Yudi lain lagi. Selain menjual hasil panen sayur hidroponiknya kepada warga di lingkungan perumahan, dia juga memasarkannya ke sejumlah pebisnis kuliner dan supermarket.

Yudi bisa menjual sayur mayurnya ke pelanggan industri melalui jalur pemasaran yang dimiliki oleh PT Parung Farm, perusahaan agrobisnis di Parung, Jawa Barat.
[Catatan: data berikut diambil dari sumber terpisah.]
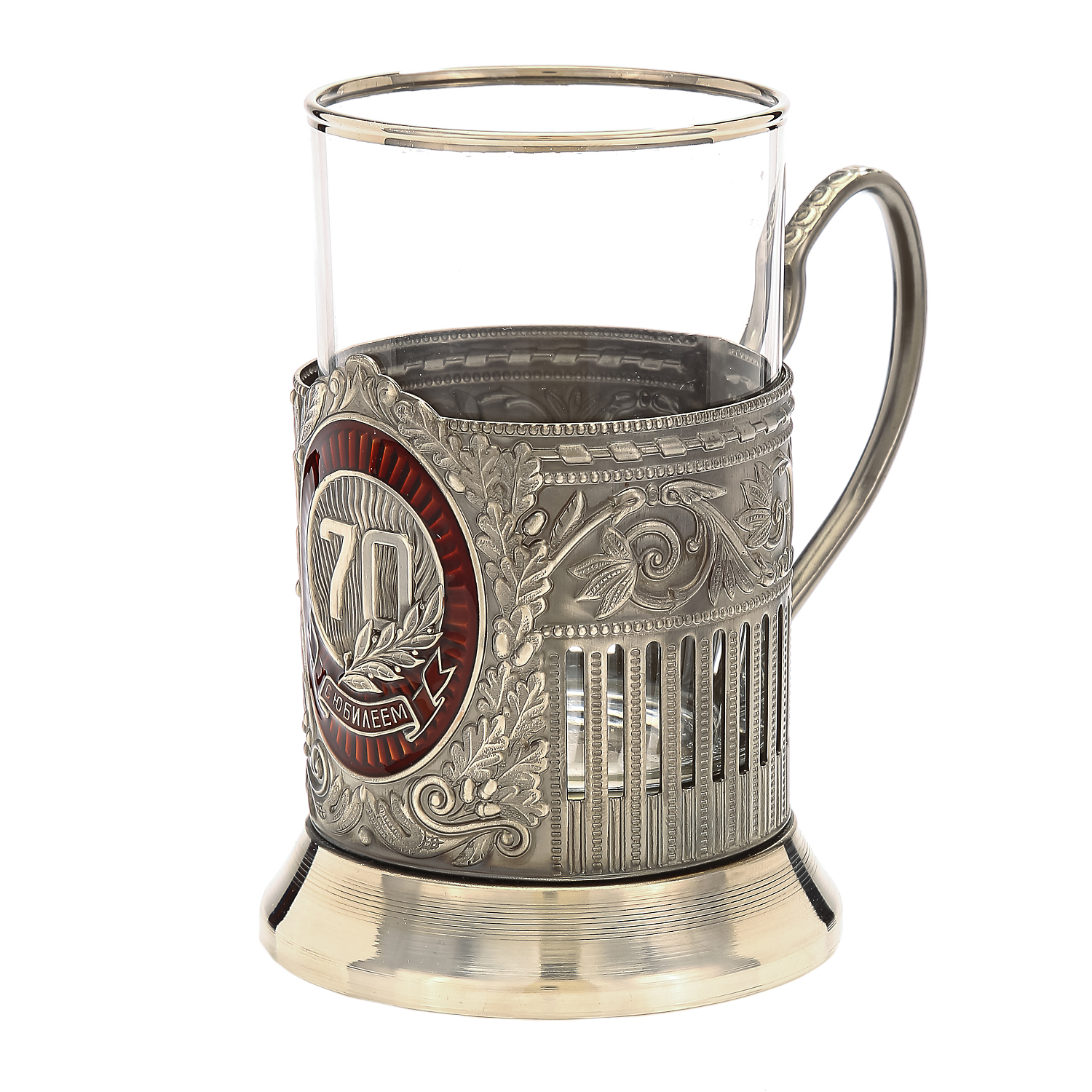 Русские подарки и сувениры → Посуда → Подстаканники → Подстаканник никелированный "Юбилейный. 70 лет"
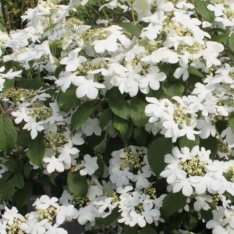 Калина складчатая Watanabe-декоративный кустарник с красивой кроной, формируемой тонкими ветвями. Побеги облиственные, покрыты шероховатыми листьями, меняющими свой цвет в зависимости от времени года. Летом листва ярко-зеленая, осенью становится винно-красной и смотрится невероятно эффектно. Цветение начинается в конце июля или начале августа. В этот период образуется множество мелких белоснежных цветов, собранных в щитковидные соцветия. Из цветов образуются овальные ягоды, ярко-красные в начале созревания и сине-черные при наступлении зрелости. Средняя ширина взрослых кустов 80 сантиметров, высота до 2-х метров.
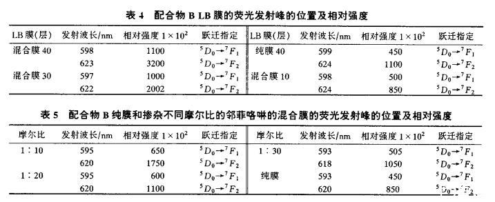 配合物B和鄰菲咯啉摩爾比為1:10時,制成40、30、10層混合LB膜,與40層純膜進行比較。結果表明(表4):同層數的混合膜與純膜相比,混合膜的熒光性遠高于純膜。實際上,30層的混合膜熒光強度就比純膜40層的強。說明鄰菲咯啉吸收能量后再傳遞給稀土離子,起著分子間傳遞能量的作用。使混合膜的熒光強度增加。當配合物與鄰菲咯啉的摩爾比變為1:20和1:30(20層)時,熒光強度反而下降(表5)。
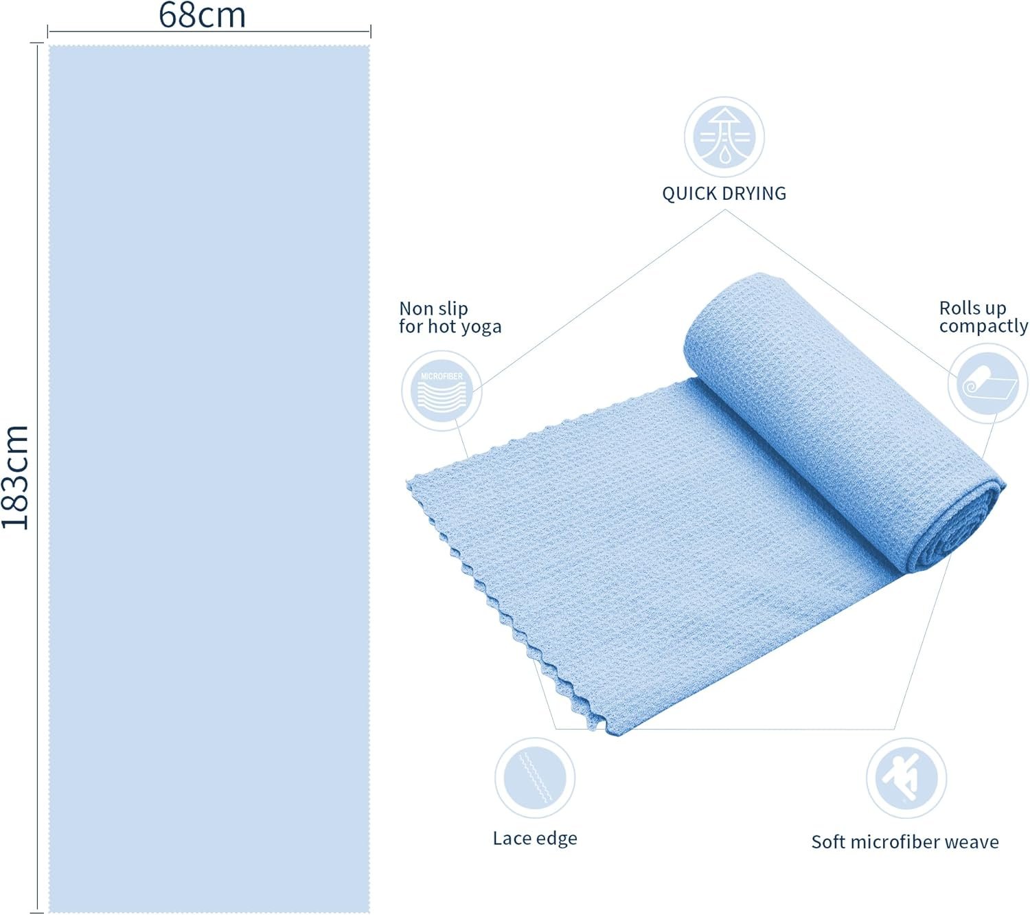 This 2-pack of hot yoga towels. Designed to be highly absorbent, these towels prevent slipping and sliding during intense hot yoga sessions. Crafted from premium materials, they quickly wick away sweat, keeping you focused and comfortable throughout your workout. The non-slip surface provides excellent traction, allowing you to hold poses with confidence and stability. Lightweight and compact, these towels are easy to carry to and from the studio. Lint Free Long Bath towels,waffle Bath Towels for Bathroom Measuring approximately 26.5 x 72 inches (68 x 183 cm), they offer ample coverage for most yoga mats. Machine washable for easy care, these hot yoga towels are an essential accessory for any yogi seeking a secure and sweat-free practice. Upgrade your yoga experience with this 2-pack of high-performance, absorbent, and non-slip towels.

Kebetulan, di entitas bisnis itu, Yudi menjabat sebagai Direktur Utama.

Jadi, sekitar 40% panen kebun sayurannya dipasarkan di sekitar perumahan Villa Tajur, dan sisanya dipasok ke Parung Farm. Nah, di perusahaan itu, sayur mayur dari kebun Villa Tajur Farm milik Yudi dikemas dengan brand Parung Farm.

Waspada serangan hama

Tertarik mengikuti jejak Achmad dan Yudi berbisnis urban farming? Soal besaran modal, sangat tergantung pada luas lahan, jenis sayuran dan metode bertani yang akan dilakukan. Sebagai gambaran, Achmad memulai urban farming-nya tahun lalu dengan modal Rp 8 juta. Dari jumlah itu, sebanyak Rp 4 juta dipakai untuk pembersihan lahan, Rp 3 juta untuk peralatan dan Rp 1 juta benih.

Selain lahan dan modal usaha, ada beberapa hal yang perlu diantisipasi sebelum memulai usaha ini. Yang paling utama adalah kendala bisnis berupa gagal panen.

Sama seperti usaha agribisnis lainnya, membudidayakan tanaman tanaman sayur juga rentan terserang hama. Jika hama sudah menyerang, Anda bisa sama sekali tidak menikmati hasil panen. Saya pernah mengalami gagal panen tahun lalu karena tanaman diserang hama. Daun tanaman berwarna kuning, ada jamur dan ulat. Ada juga hama berupa leaf miner, yaitu daun berwarna putih, kata Achmad.

Untuk mengatasi hama, Achmad meracik obat pestisida nabati yang terbuat dari rendaman daun sambiloto, bawang putih, dan bawang merah.

Kendala lainnya yang dialami Achmad adalah soal benih tanaman kale yang masih diimpor. Kalau pun ada benih kale di pasaran dalam negeri, pemasoknya sedikit.

Faktor lain yang harus dipastikan di awal adalah ketersediaan air yang cukup, untuk memelihara kehidupan tanaman.

Satu lagi, yang namanya tanaman perlu dirawat dengan sabar dan telaten. Dengan begitu, tanaman subur, panen melimpah dan fulus pun mengalir.